» **Exercise prompt**: Retype the entries exactly, but skip the pictures.

» **Exercise material**:
- Opening Delimiter -
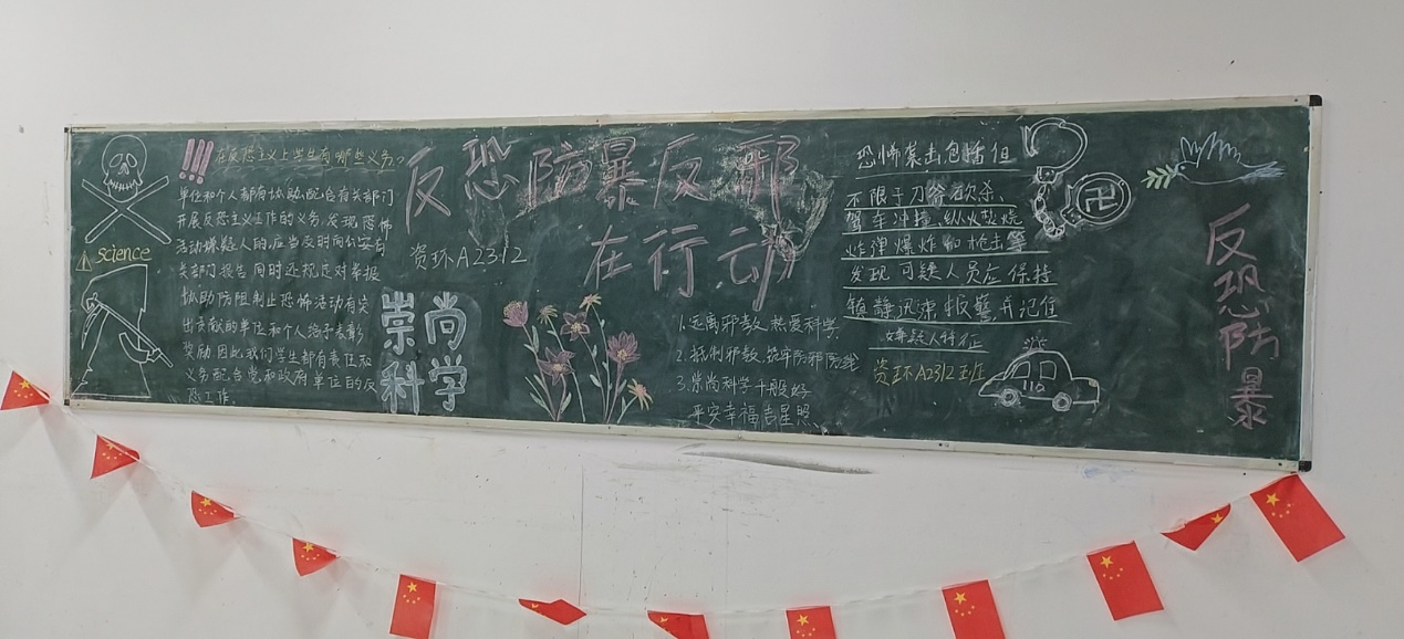 同时为了让此次活动的效果入脑入心,学院还组织学生紧扣主题通过画黑板报的方式,收集了同学们对反恐知识的了解程度和关注点,这对于提高同学们的自我保护意识非常有帮助。他们积极参与、交流想法、互相学习,共同营造了浓厚的学习氛围。
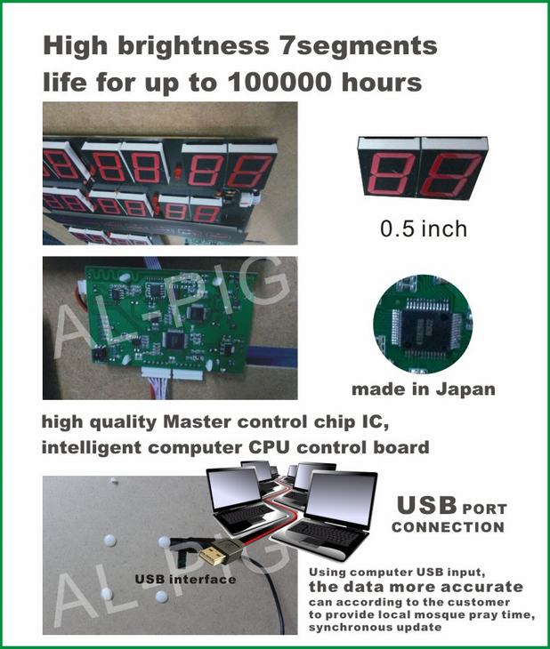 can be configured to display the authorized prayer times in the cities and villages all over the world.
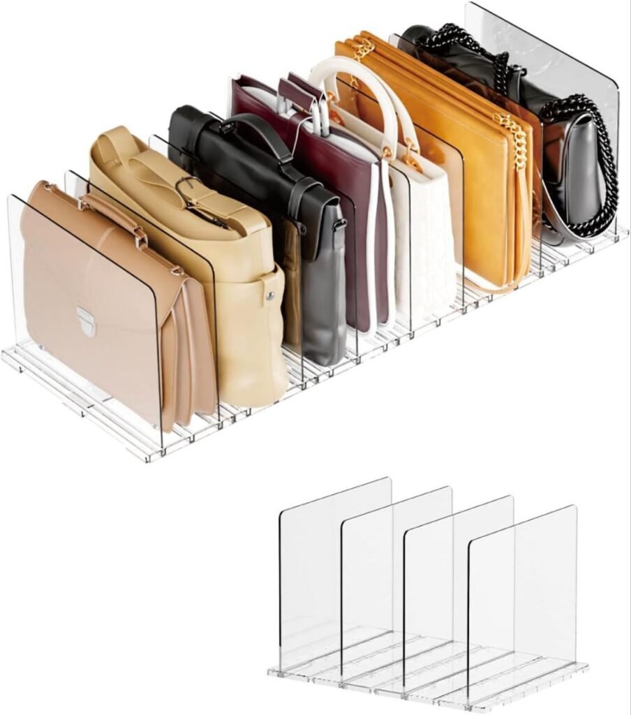 Keep your handbags and accessories neatly organized with this Adjustable Acrylic Purse Divider Organizer. Designed to fit closet shelves, it helps separate and protect purses while making them easy to access. Its clear acrylic design blends seamlessly with any closet décor.
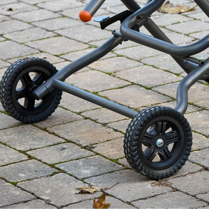 - Składana rama stalowa z dużymi kołami terenowymi – mobilność na każdej powierzchni.
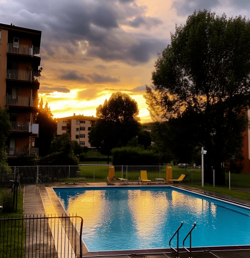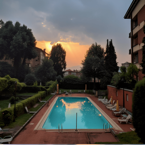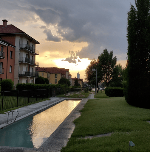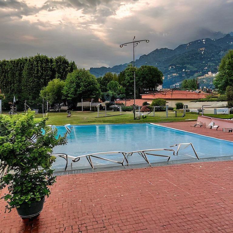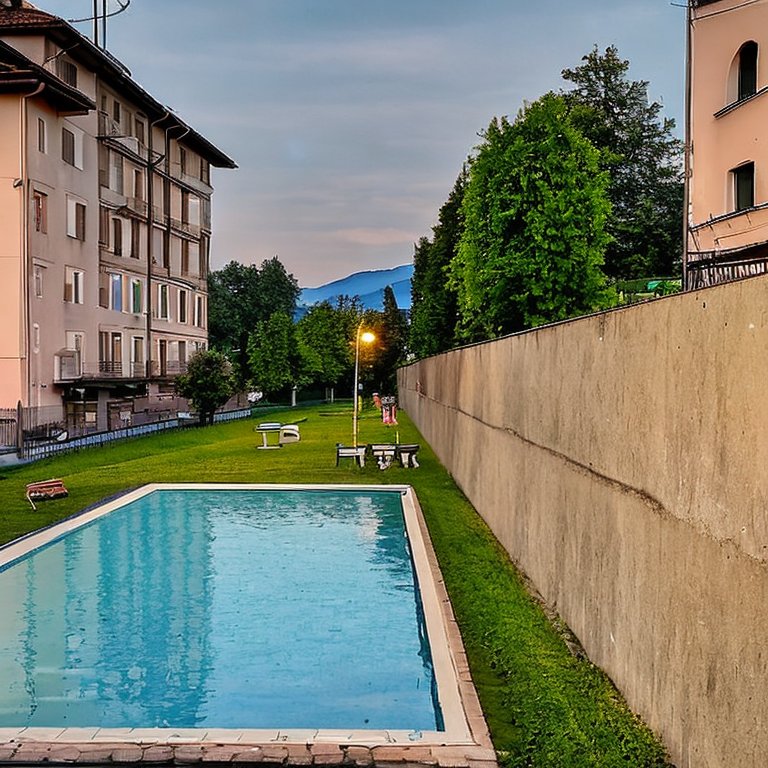 Prompt (generato dall’acquisizione della posizione): A evening photo taken at XXXXXXX, Turin. The weather is few clouds with temperature of 21 degrees. The date is Wednesday the 7 June 2023. There is a furniture, swimming pool and field nearby.
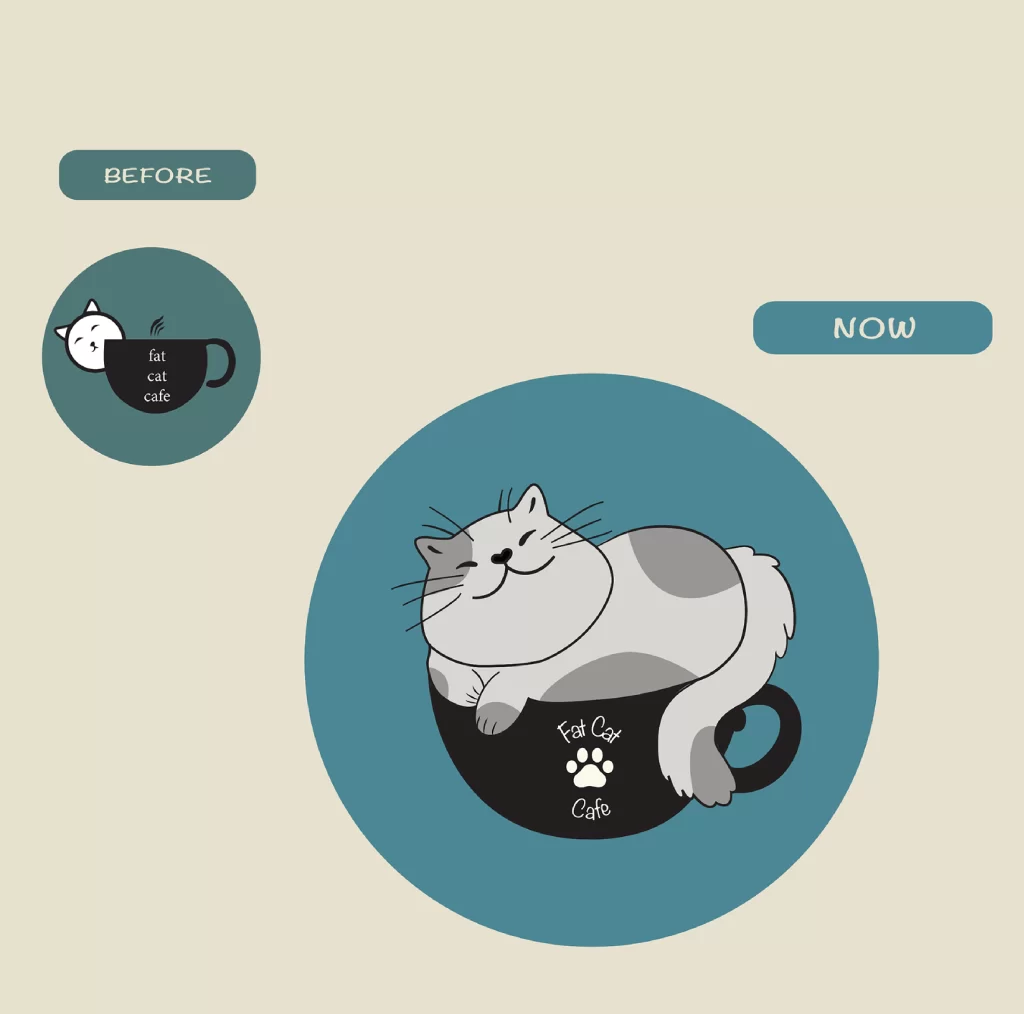 The central idea behind the redesign was to create a mascot that embodied the café’s name, a cat that was both chubby and adorable, while maintaining some of the existing visual shapes to ensure continuity with their original identity. The new mascot became a relatable and charming symbol that resonates with customers, adding warmth and personality to the brand.
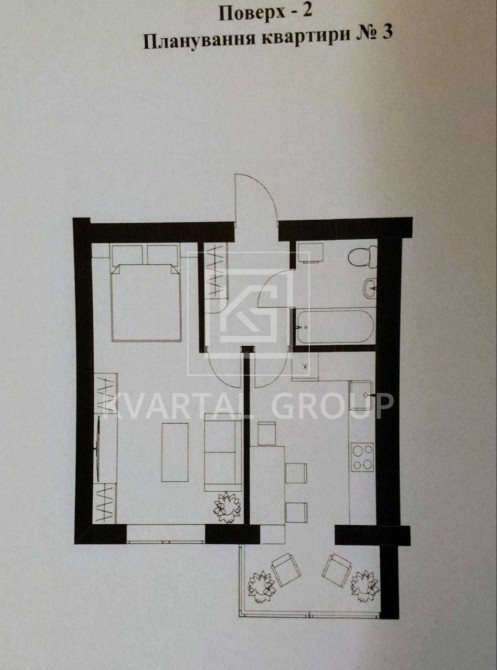 Площа: загальна 39 м², житлова 15 м², кухня 15 м².
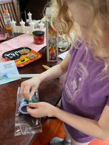 Kids will need to warm the stiff clay by rolling it into balls, then making it into strips. The clay can get hard to manipulate if left out, so it’s best to finish each luminary in one sitting. Kids then mix as many or as few colors together as they’d like. Using the paper guides, roll out the clay to fit the side and bottom cut outs. Once they apply the clay to the outside of the silicon mold, they can punch holes in it to create their own designs with light shining through the gaps. After that step, the entire thing goes into the oven to set. It will also need to cool before kids can remove the mold.
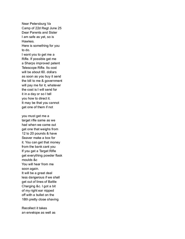 - I.E. Green Letter June 25, 1864
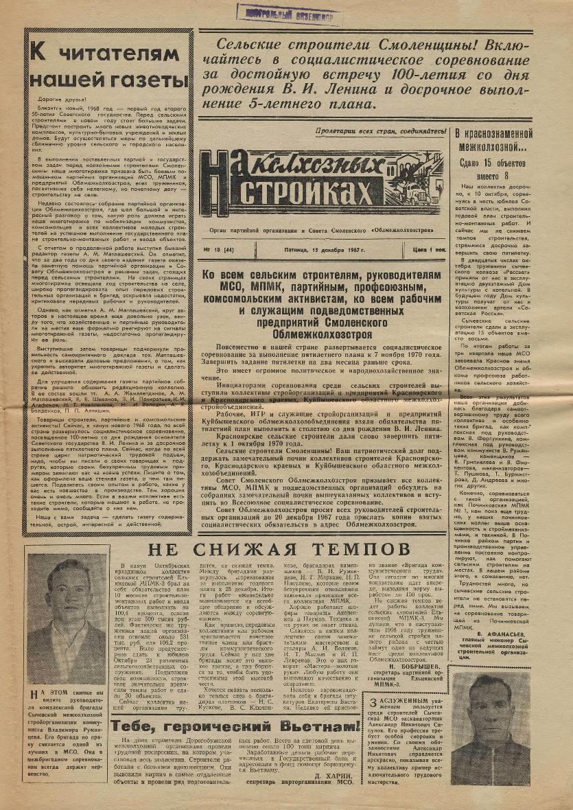 На колхозных стройках: Орган партийной организации и Совета Смоленского "Облмежколхозстроя". — Смоленск: Тип. им. Смирнова, 1965-____. № 12.
- Closing Delimiter -
» **Response area**:
 同时为了让此次活动的效果入脑入心,学院还组织学生紧扣主题通过画黑板报的方式,收集了同学们对反恐知识的了解程度和关注点,这对于提高同学们的自我保护意识非常有帮助。他们积极参与、交流想法、互相学习,共同营造了浓厚的学习氛围。
 can be configured to display the authorized prayer times in the cities and villages all over the world.
 Keep your handbags and accessories neatly organized with this Adjustable Acrylic Purse Divider Organizer. Designed to fit closet shelves, it helps separate and protect purses while making them easy to access. Its clear acrylic design blends seamlessly with any closet décor.
 - Składana rama stalowa z dużymi kołami terenowymi – mobilność na każdej powierzchni.
 Prompt (generato dall’acquisizione della posizione): A evening photo taken at XXXXXXX, Turin. The weather is few clouds with temperature of 21 degrees. The date is Wednesday the 7 June 2023. There is a furniture, swimming pool and field nearby.
 The central idea behind the redesign was to create a mascot that embodied the café’s name, a cat that was both chubby and adorable, while maintaining some of the existing visual shapes to ensure continuity with their original identity. The new mascot became a relatable and charming symbol that resonates with customers, adding warmth and personality to the brand.
 Площа: загальна 39 м², житлова 15 м², кухня 15 м².
 Kids will need to warm the stiff clay by rolling it into balls, then making it into strips. The clay can get hard to manipulate if left out, so it’s best to finish each luminary in one sitting. Kids then mix as many or as few colors together as they’d like. Using the paper guides, roll out the clay to fit the side and bottom cut outs. Once they apply the clay to the outside of the silicon mold, they can punch holes in it to create their own designs with light shining through the gaps. After that step, the entire thing goes into the oven to set. It will also need to cool before kids can remove the mold.
 - I.E. Green Letter June 25, 1864
 На колхозных стройках: Орган партийной организации и Совета Смоленского "Облмежколхозстроя". — Смоленск: Тип. им. Смирнова, 1965-____. № 12.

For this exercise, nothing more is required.